◆ **TASK**: With the pictures left out, write out exactly the lines of the listing below that run from the line with "조약 서명 직후 무솔리니와" through the line with "Below is an".
Content starts
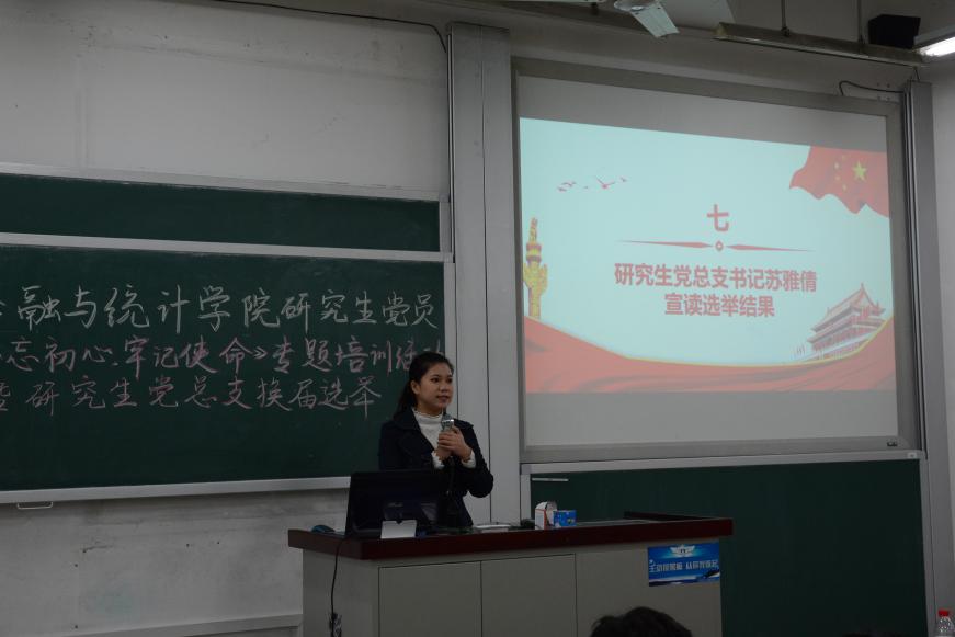 最后,研究生党总支书记苏雅倩老师宣读选举结果,会议选举江海晨、李明琼、王望龙、肖启睿、鄢榕、张莉、张倩杨共7名同志为新一届海角 研究生党总支委员。
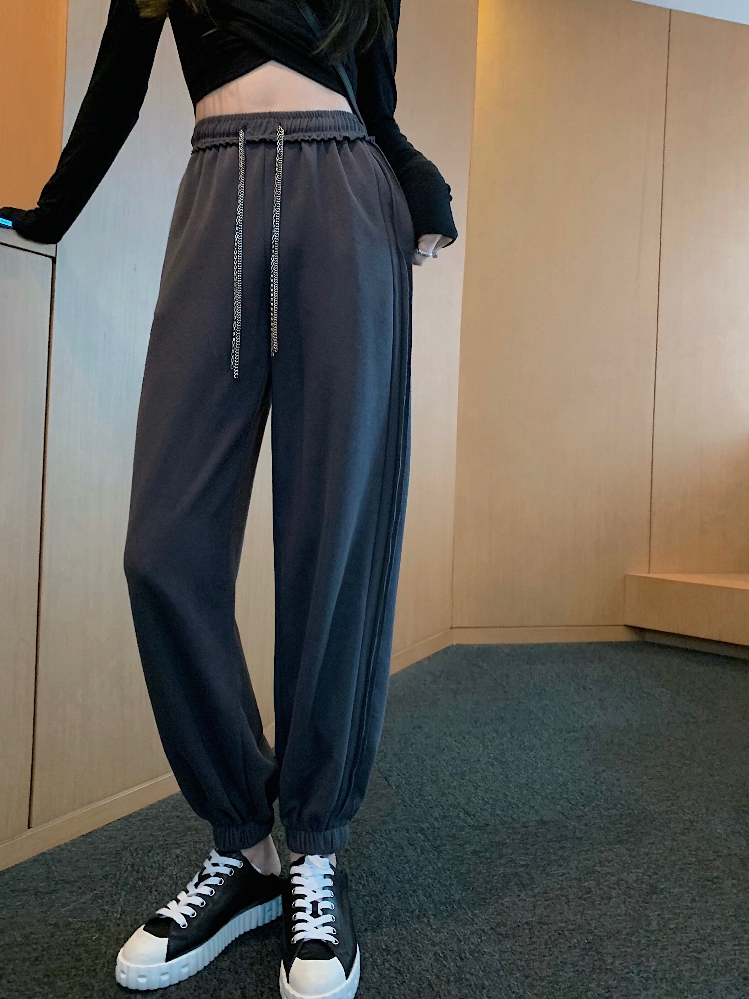 High Waist Black Grey Sweatpants Woman Spring Autumn New Straight Drum Sporting Pants Little Subbeam Leggings Pants Loose Casual Pants Tide
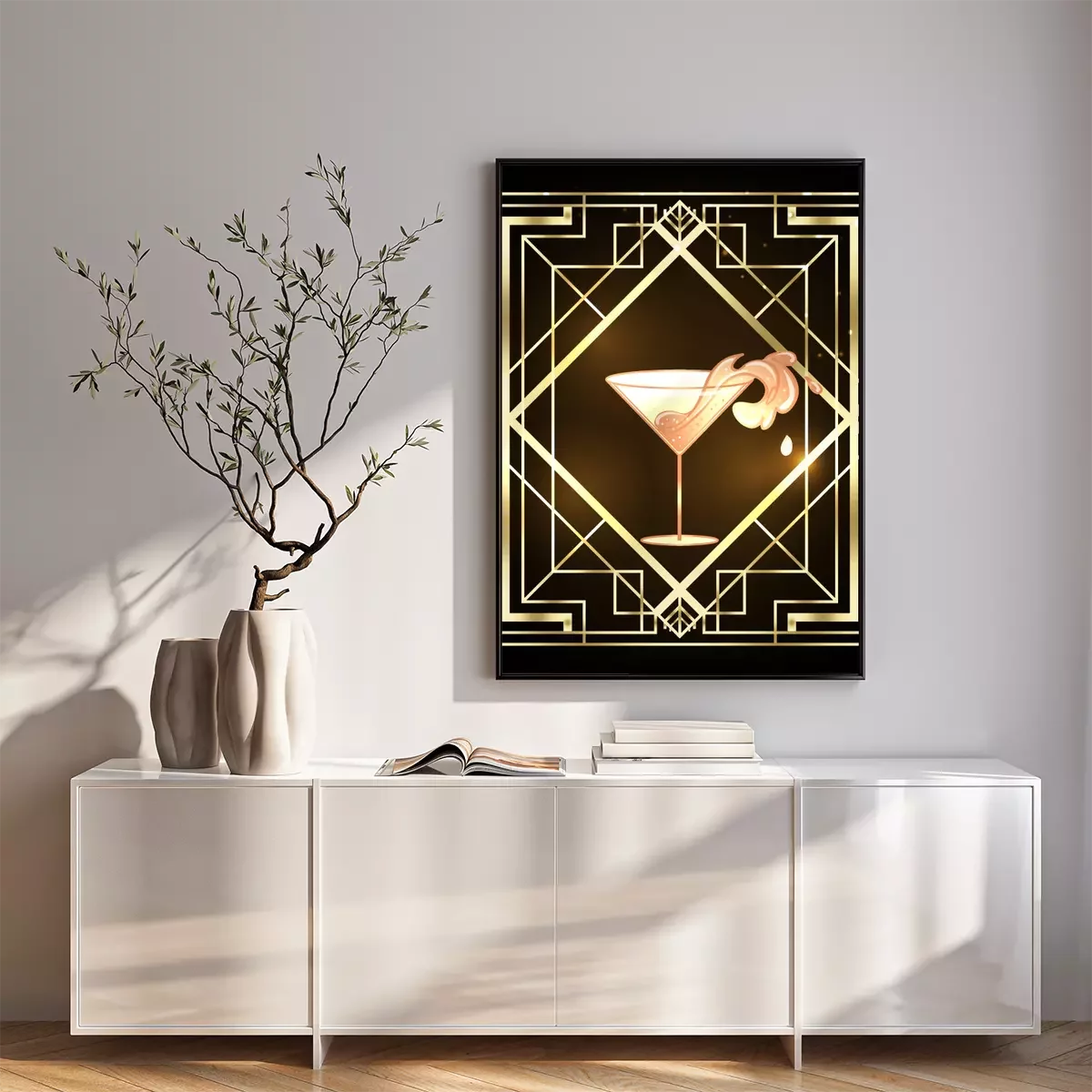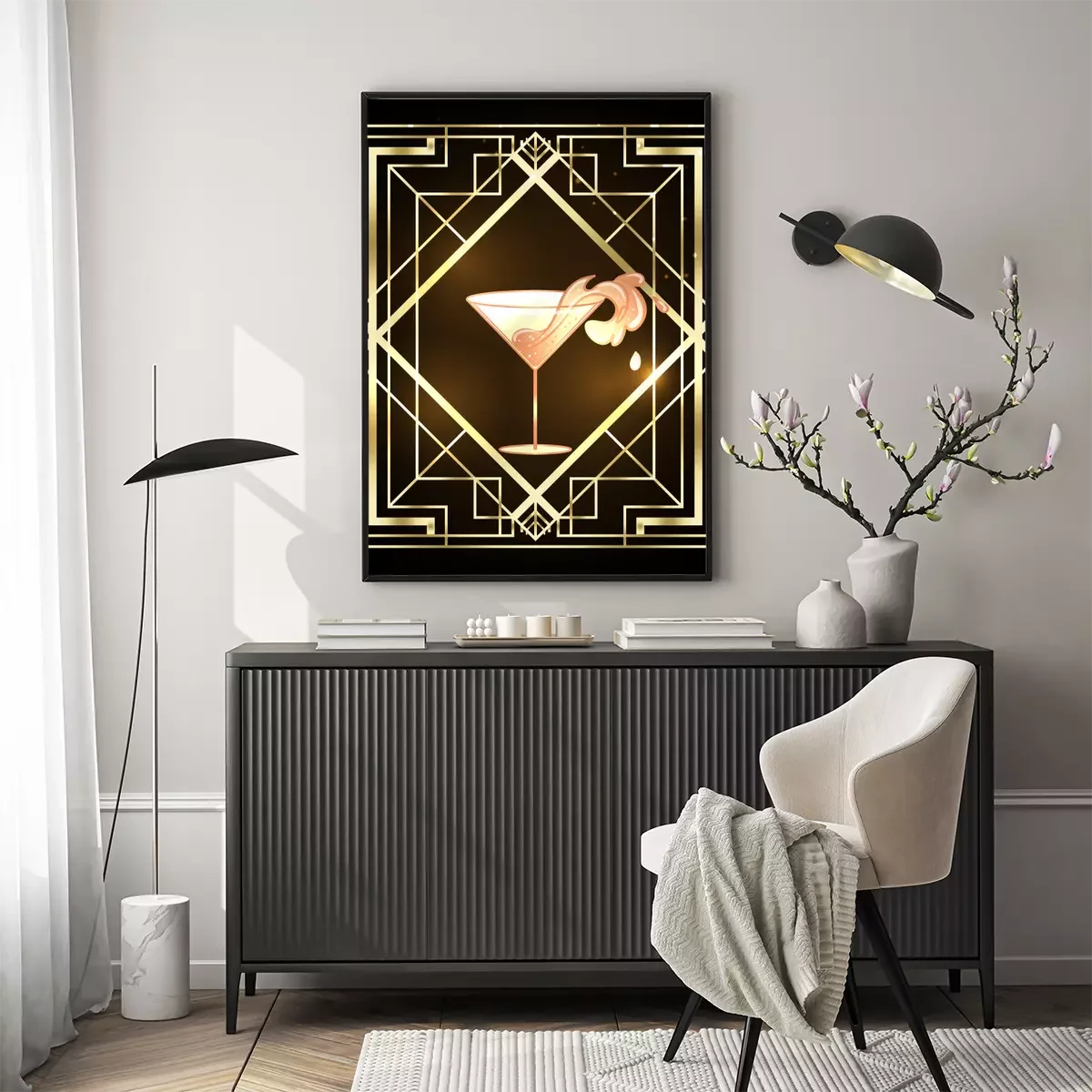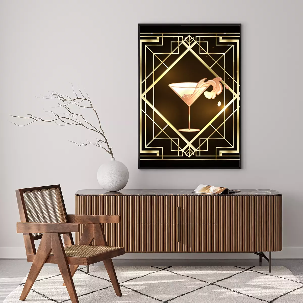 Female hand holding cocktail glass with splash. Art deco (1920's style) vintage invitation template design for drink list, bar menu, glamour event, thematic wedding, jazz party flyer.
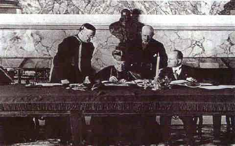 조약 서명 직후 무솔리니와 교회의 관계는 다시 악화되었다.[7] 무솔리니는 가톨릭교를 "본래 팔레스타인에서 로마 제국의 조직에 편입되어 확산된 작은 종파"로 언급했다.[7] 그는 로마 가톨릭 교회로부터 파문 직전까지 갔다고 전해진다.[7]
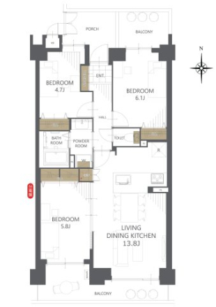 | 間取内容 | LDK13.8帖 洋室6.1帖 洋室5.8帖 洋室4.7帖 | ||
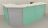 Banco vendita angolare con pannello dogato frontale da negozio abbigliamento cm. 312x156x106h
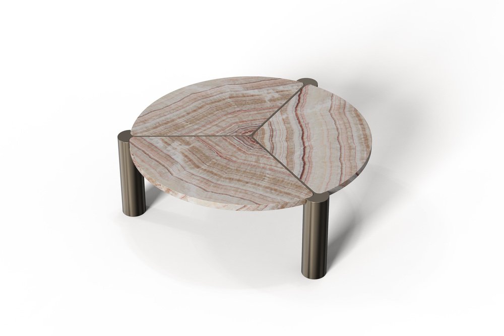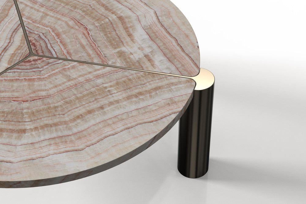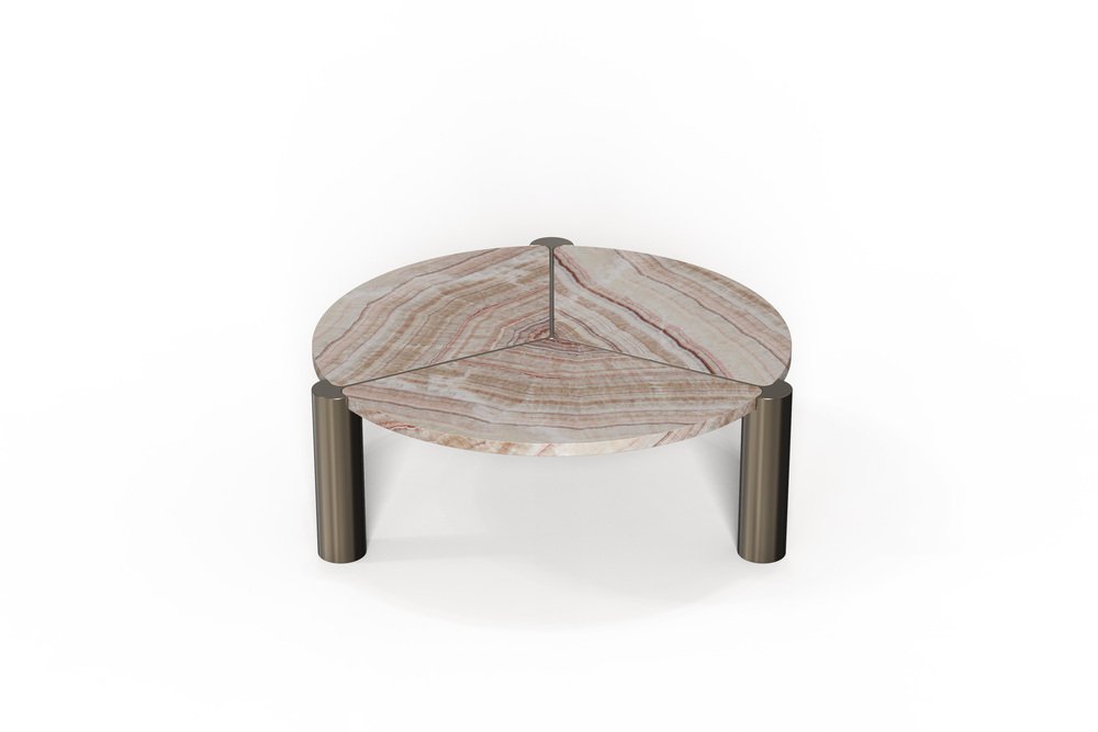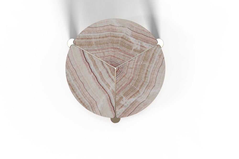 Modern Leaf Center Table in Brioches Onice and Goldish Metal by Javier Gomez
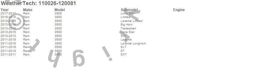 Below is an abbreviated list of applications for the MudFlap No-Drill DigitalFit MudFlap Kit.3500, Ram 3500, Dodge, Ram, 2018, 2017, 2016, 2015, 2014, 2013, 2012, 2011, 2010
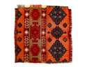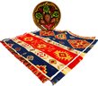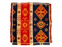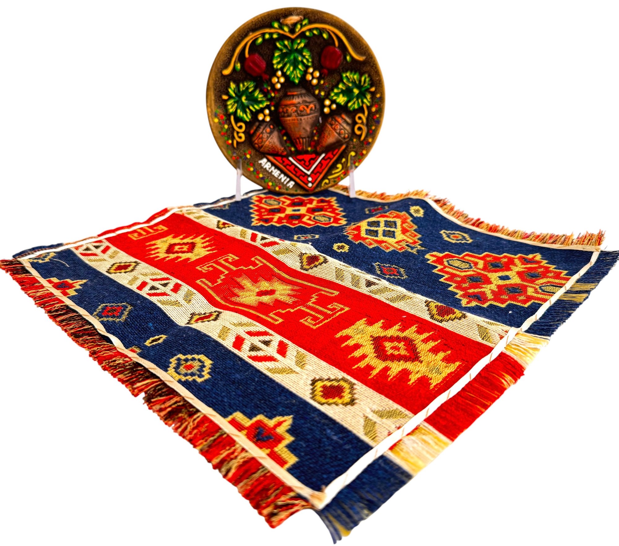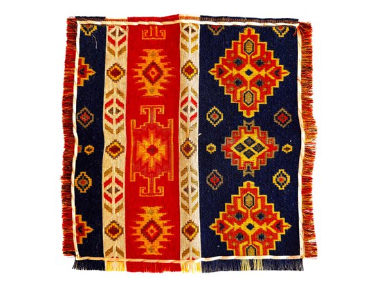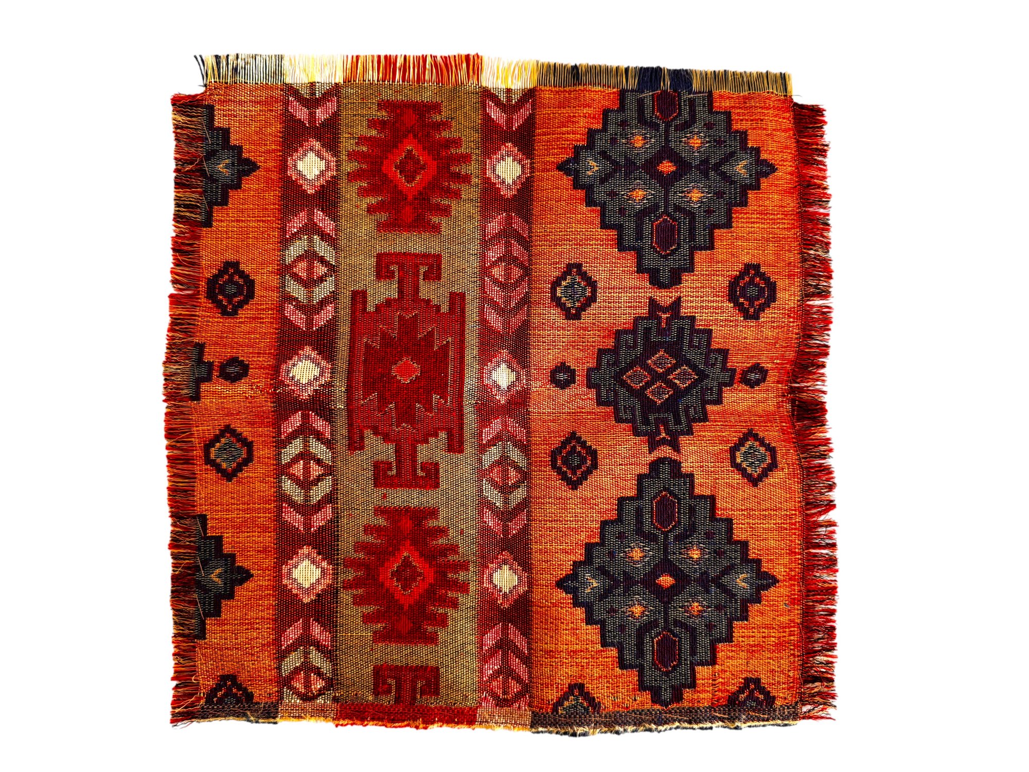 • Woven Textile Mat – Vibrant geometric patterned textile in rich red, blue, gold, and black tones with fringe edges. Traditional folk design styling.
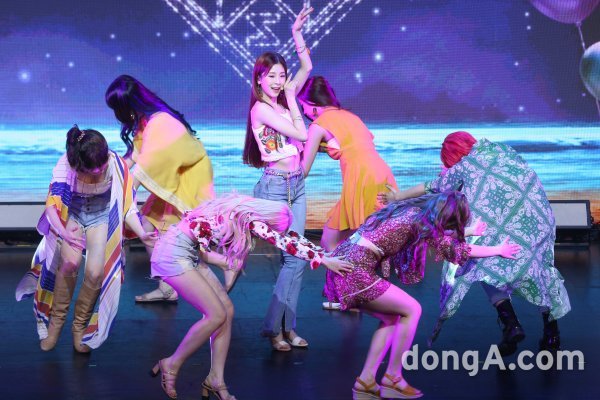 그룹 공원소녀가 23일 오후 서울 광진구 예쓰24라이브홀에서 열린 세 번째 미니앨범 ‘밤의 공원 part three(THE PARK IN THE NIGHT part three)’ 발매 쇼케이스에서 새로운 무대를 선보이고 있다.
Content ends
◆ **RESPONSE**:
 조약 서명 직후 무솔리니와 교회의 관계는 다시 악화되었다.[7] 무솔리니는 가톨릭교를 "본래 팔레스타인에서 로마 제국의 조직에 편입되어 확산된 작은 종파"로 언급했다.[7] 그는 로마 가톨릭 교회로부터 파문 직전까지 갔다고 전해진다.[7]
 | 間取内容 | LDK13.8帖 洋室6.1帖 洋室5.8帖 洋室4.7帖 | ||
 Banco vendita angolare con pannello dogato frontale da negozio abbigliamento cm. 312x156x106h
 Modern Leaf Center Table in Brioches Onice and Goldish Metal by Javier Gomez
 Below is an abbreviated list of applications for the MudFlap No-Drill DigitalFit MudFlap Kit.3500, Ram 3500, Dodge, Ram, 2018, 2017, 2016, 2015, 2014, 2013, 2012, 2011, 2010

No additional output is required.